• Ansiktsburk
    192
    So I suppose you support a socialist economic model with a jobs guarantee?Garth
    Good question. What I am pretty sure about, leaning on Rawls, Nozick and Marx, that there are some kind of feeling for justice in our DNA. Probably has been a good model since huntergatherer days. A good work should be rewarded. After all, grades in school is a fairly accepted system. Feminists strive for "equal pay for equal work". So there is - after all - some kind of feeling that good work should be rewarded. You may call it Meritocracy. Growing up in striving lower middle class, I got that in my upbringing as in my genes. Having done the class journey to a semi-wealthy academical environment it is NOT so obvious. Simply said, the concept of Property, paramount to libertarians do not exactly promote meritocracy, since Property primarely is inherited. Having a semi-successful father (who made the 2nd stage of our family's class journey) I have had some short cuts from that.

    But yeah, I am not all that fond of this "liberty" thing. Nozick made a big case for capitalism being "organic", but a society that is not all that all about choices could be just as flexible, I think. My dream is - everyone does what one is supposed to do rather than want to do. Guys in my newer, richer neighborhood is running around trying to get gut feelings for what they "really want to do". I had a bit of that too, and that really just confused me.

    Let me give you an Utopia: Everyone is born with personality traits. Parents dont fiddle around with that just gives their kids a lot of love, w/o pushing anyone in any direction. You enter school as a tabula rasa. Teachers, rather than stuffing info into kids, monitors the kids and nudge them in directions where the kids perform well and get energy from that subject. You don't care about class, gender, skin color or whatever, you end up in classes where people share the brain. And you specializes in that.

    Then, when ready you do not search for a job. Your search for a place to live. Then, the guys who during school have shown a talent to coordinate people will assign you a job that you do. That is in line with your personality and education. Some jobs, highly specialized, like medical doctors, those jobs will be for the guys that had the best personality to do that job, they will be doctors. Or other specialized professions that require one to build up competence for just that. But there is a heck of a lot of jobs that the right guy learns in no time.

    And then, you get paid as you get rewarded in school or in a large organization. Someone rate what you have done and you get paid for the job done rather than the result.

    I suppose this vision is far closer to Socialism than the Invisible Hand... so yeah, I suppose I do support some kind of socialism. But a daughter or son in an academic home envisioning their life´s meaning to be a SJW would not thrive in this environment. This is more a Chinese or Stalin like system.
  • Mikie
    6.7k
    Right, like calling an injury a murder without evidence.Brett

    We’re all glad you’re here to make sure the record is set straight. Just a straight-shooter seeking the truth objectively. :rofl:
  • Mikie
    6.7k


    What a stupid comment.
  • ssu
    8.7k
    In reaction to Trump his denouncement of the violence last Wednesday. :rofl:Benkei
    As I said earlier, Trump will f**k his lunatic supporters in the end. He naturally doesn't mean anything he says. Hopefully the idiots will get the memo, but it's unlikely.

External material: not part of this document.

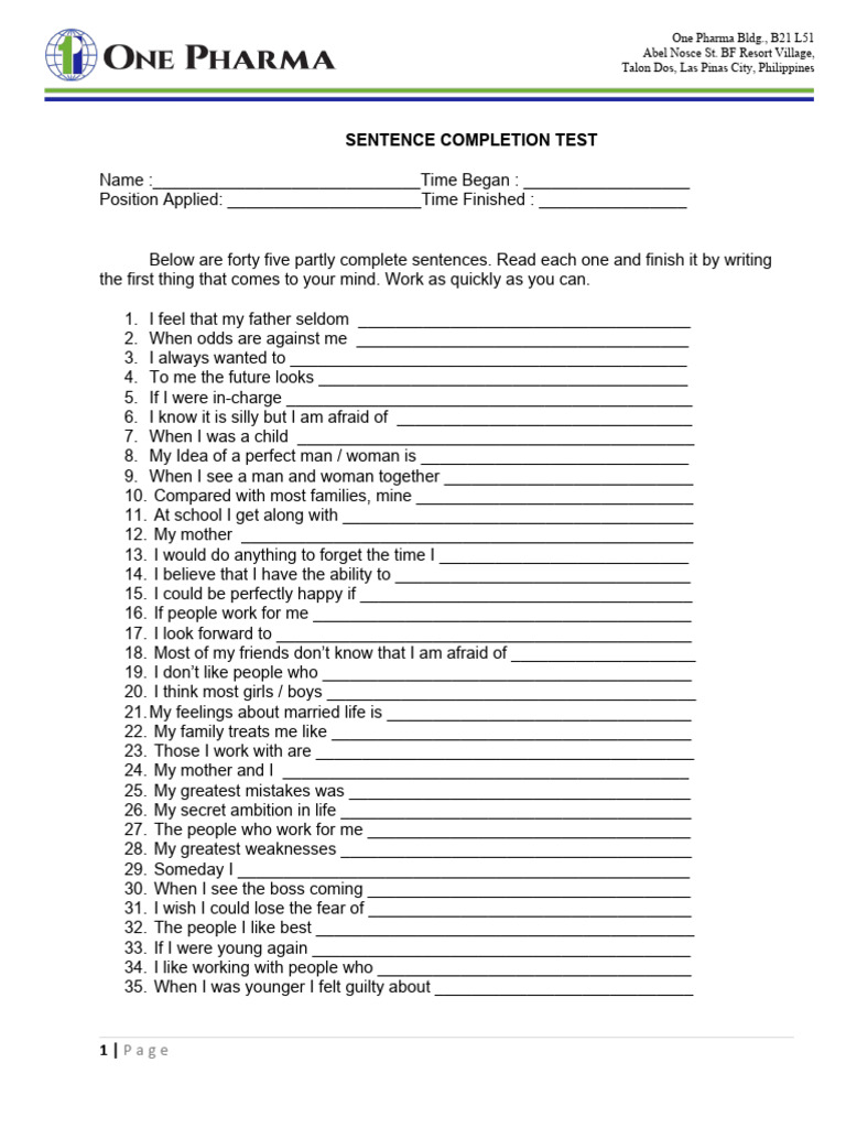 SENTENCE COMPLETION TEST

    And of course the lies keep on coming, like that he called immediately the national guard to intervene (which actually happened I guess after 1 1/2 hours by the secretary of the army...or someone like that in the administration).

    So why was Capitol Hill taken over?

    D.C. officials knew of the planned protests and had requested some assistance to help when the "first amendment demonstrations" were planned for January 5 and 6, McCarthy said. Based on this request, officials called up 340 National Guardsmen to help in the peaceful protests. The guardsmen were assigned mainly to traffic control, Metro crowd control, some logistics support and a 40-member quick reaction force to be based at Joint Base Andrews in Maryland.

    "No other requests were made," the Army secretary said.
  • Tobias
    1k
    And you?Ansiktsburk

    I am not complaining that people should go to work instead of invoking their right to protest (subject to reasonable constraints of time and place). You made that remark, so you practice what you preach. I preach something different.
  • praxis
    6.5k
    Young politicians who are interested in the legacy of Trump:

    And secondly, the polarization will thrive, even without Trump. Nothing will change that.
    ssu
    5e8f6d65c023205b7845e76b?width=700

    Hasn't Trumpism or cult-politics proven to be a failed strategy to maintain power? The Republican Party lost the White House and the majority in both chambers of Congress in only 4 years. People like Howley and Cruz may be power-hungry but they're not cult leaders who can spin a web of fantasies and lies that can capture Trump supporter's apparent appetite for faith-based leadership.
  • frank
    16k
    QAnon wasn't generated by Trump, though he was the original focal point. It's an internet phenomenon. I think it's partly a stress response. It explains how Trump isn't the idiot he seems to be. He's in on a semi-divine mission to save children from sex trafficking and cannibalism.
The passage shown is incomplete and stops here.